ICAM-1 and Sdc1 are differentially expressed in Dcn−/− mice during DTH
Extravasation is a complex process, which requires sequential steps of leukocyte adhesion to endothelial cells followed by release of leukocytes. The cell surface adhesion molecules ICAM-1 and SDC1 are known to be involved in the multistep leukocyte adhesion cascade (3, 4). Therefore, expression of ICAM-1 was evaluated by qPCR (Figure 3A; n=3–5). No significant differences in ICAM-1 mRNA expression were observed between wild-type and Dcn−/− mice. In unstimulated control ears, ICAM-1 protein was not detectable by immunohistochemistry for both genotypes, however, 24 h after elicitation Dcn−/− ears express more ICAM-1 protein (supplementary figure 2). This observation was confirmed by Western blotting: While ICAM-1 expression increased in wild-type mice during the DTH response, as expected, oxazolone-treated ears of Dcn−/− mice showed an even stronger increase compared to wild-type (Figure 3B,C). ICAM-1 levels in the plasma were also increased in Dcn−/− mice compared to wild-type (Figure 3D).

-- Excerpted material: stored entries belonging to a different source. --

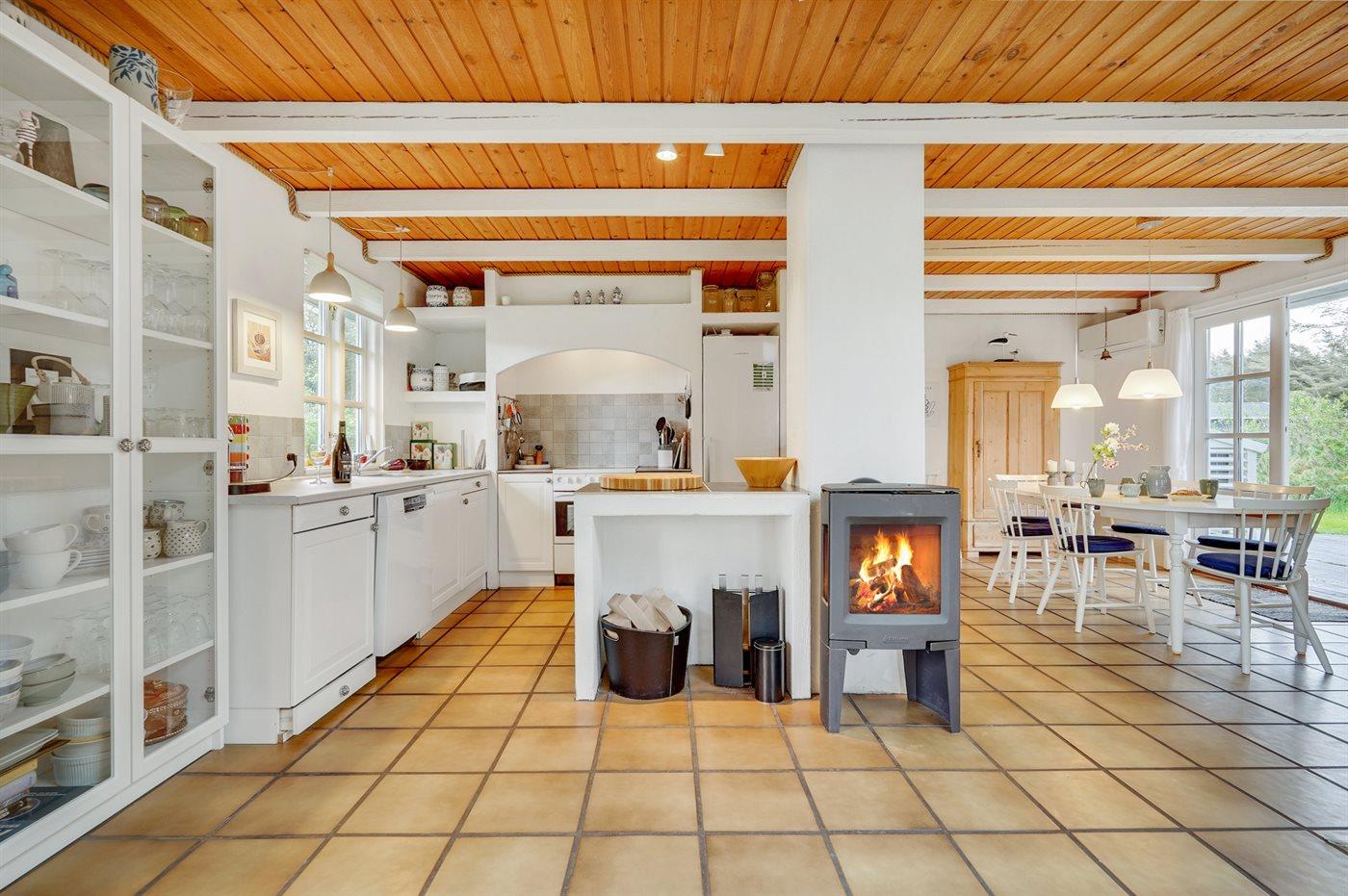 Køkkenet er udstyret med 1 køleskab. Der er 4 keramiske kogeplader, varmluftovn, mikrobølgeovn samt opvaskemaskine.
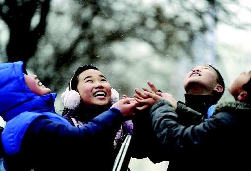 12月13日,济南迎来了入冬以来的第一场雪,虽然雪下得不大,但是姗姗来迟的雪花还是给市民们带来了惊喜和欢乐。泺源大街上,放学的孩子们快乐地用小手去迎接迟到的小雪花。
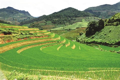 | Des rizières en terrasses dans la région Nord-Ouest sont prêtes à la récolte. |
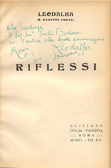 Dedica manoscritta dell'autore: Alla eccellenza / il prof. Sen.re Emilio Bodrero / con l'antica alta devota ammirazione / Leodalba / Roma / 19.2.XIX
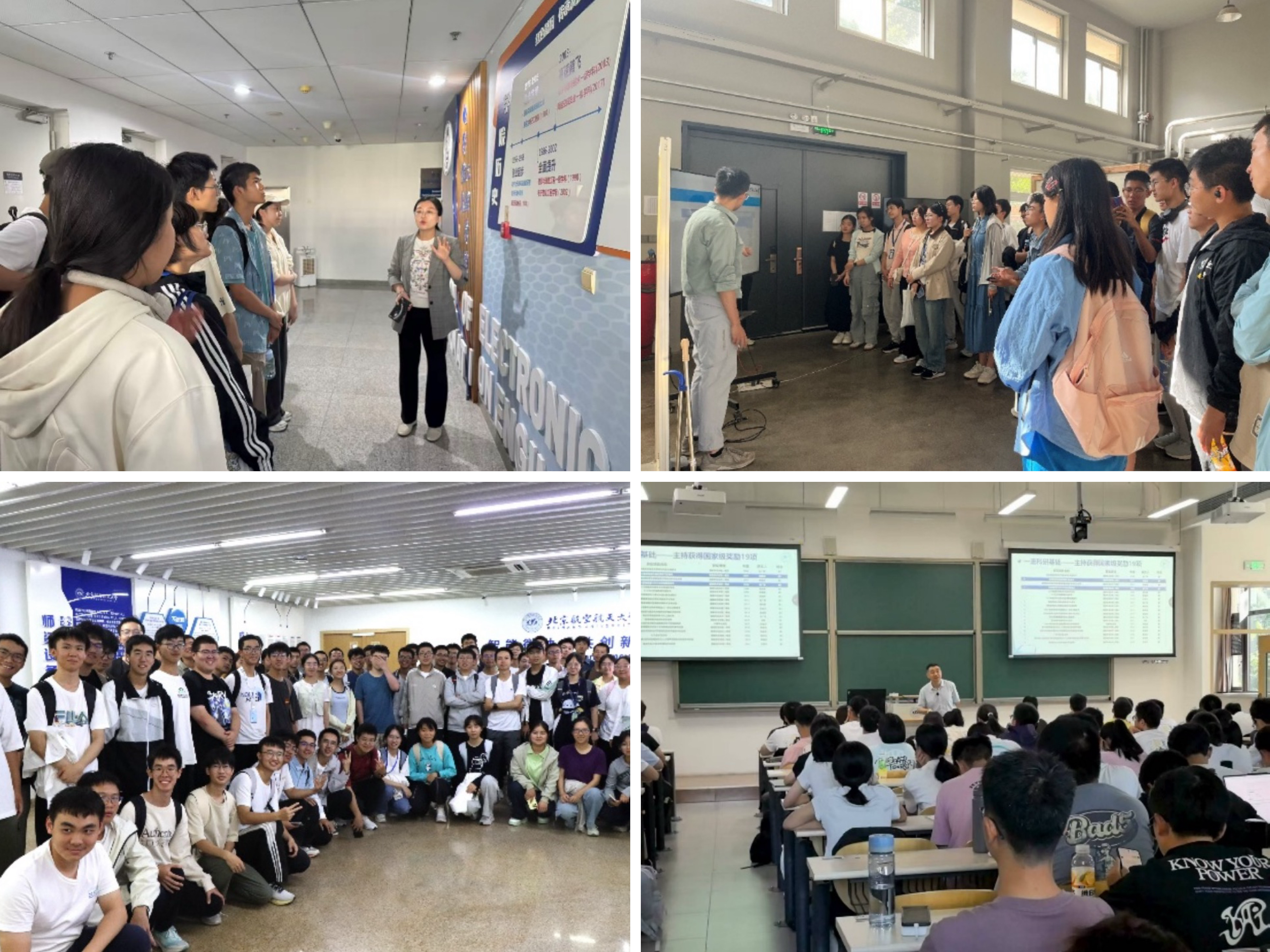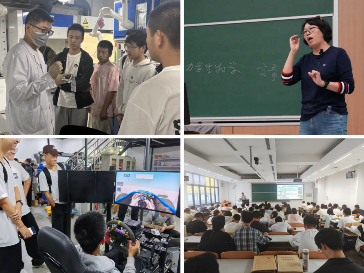 航空航天类的同学们在此次专业行活动中走访各学院实验室并聆听专题讲座,亲身体验航空航天的魅力。材料科学与工程学院赵新青老师以记忆金属产生记忆效应的机制及其具体应用为实例对学院研究内容进行讲解,随后的实验室参观将抽象的理论与前沿的科研实践紧密结合,使同学们对材料学科的前沿发展现状有了深刻的理解。能源与动力工程学院副院长额日其太老师从培养目标、培养方案、学院优势、研究方向等多个角度系统介绍了能源与动力工程学院飞行器动力工程、能源与动力工程、空天智能电推进技术专业的具体情况。航空科学与工程学院郭昊老师系统介绍了学院整体情况,围绕创建历史与发展历程展开阐述,全面展示了学院在学科方向、重大贡献、人才培养等方面的优势,帮助同学们直观领略学院鲜明的学科特色。机械工程及自动化学院王巍老师从硬件、软件角度详细介绍了机器人的组成结构及功能特点,并深入剖析了机器人系统技术体系的核心,引导同学们思考理解机器人技术的系统性特点,为未来的学习和研究奠定坚实基础。生物与医学工程学院孙联文老师带来《北航生物医学工程》主题报告,展示了北航生物医学工程专业从零起步,历经萌芽阶段,最终跃升至全国领先并荣获A+学科认证的辉煌历程,激励同学们积极投身生医领域,共同探索。交通科学与工程学院崔志勇老师做《空地一体 智慧交通》主题报告,详细介绍了交通学院各专业的特点特色和学科优势,随后的实验室参观使同学们更加具体感受到了交通学院的专业特点。可靠性与系统工程学院李晓阳老师、陈世舜博士以“可靠的内涵”为切入点,循序渐进地揭示了可靠性系统工程的理论内涵与应用价值。通过多样的航空航天实例展示,使同学们切实感受到可靠性研究的前沿探索与现实意义,引导大家从工程、生命、文学、艺术及社会等多维视角理解可靠性的普适性与广阔前景。宇航学院李家军老师从人类飞天探索引入宇航,带领同学们穿越时空长廊,回顾了从万户飞天到神舟巡天的壮阔征程,生动讲述了北航宇航学院如何秉承空天报国精神,为我国航天事业输送了大批领军人才。

Syndecan-1 is an adhesion molecule with anti-inflammatory properties (9), which has recently been identified as a novel modulator of DTH responses (8). Analysis of Sdc1 mRNA expression showed that the basal level in Dcn−/− mice was about two-fold higher than in wild-type ears (Figure 4A;, n=3–5, P <0.05). In oxazolone-treated ears of Dcn−/− mice the expression of Sdc1 mRNA was significantly increased after 24 h compared to wild-type (Figure 4A; n=3–5; P <0.05). In accordance with previous reports (4, 38, 39), Sdc1 is highly expressed in the epidermis, but also leukocytes were labeled for SDC1 in Dcn−/− and wild-type mice (Figure 4B, arrows and 4C). Within the DTH time course, Dcn−/− ears showed at 24h a significantly increased amount of SDC1-positive leukocytes compared to wild-type (Figure 4C; n=5; P < 0.001). Forty-eight hours after oxazolone application most of the SDC1 signal disappeared in Dcn−/− and wild-type leukocytes (data not shown). Thus, differentially increased expression of the adhesion molecules Icam1 and Sdc1 in the DTH time course may contribute to the increased leukocyte numbers in the Dcn−/− blood vessels.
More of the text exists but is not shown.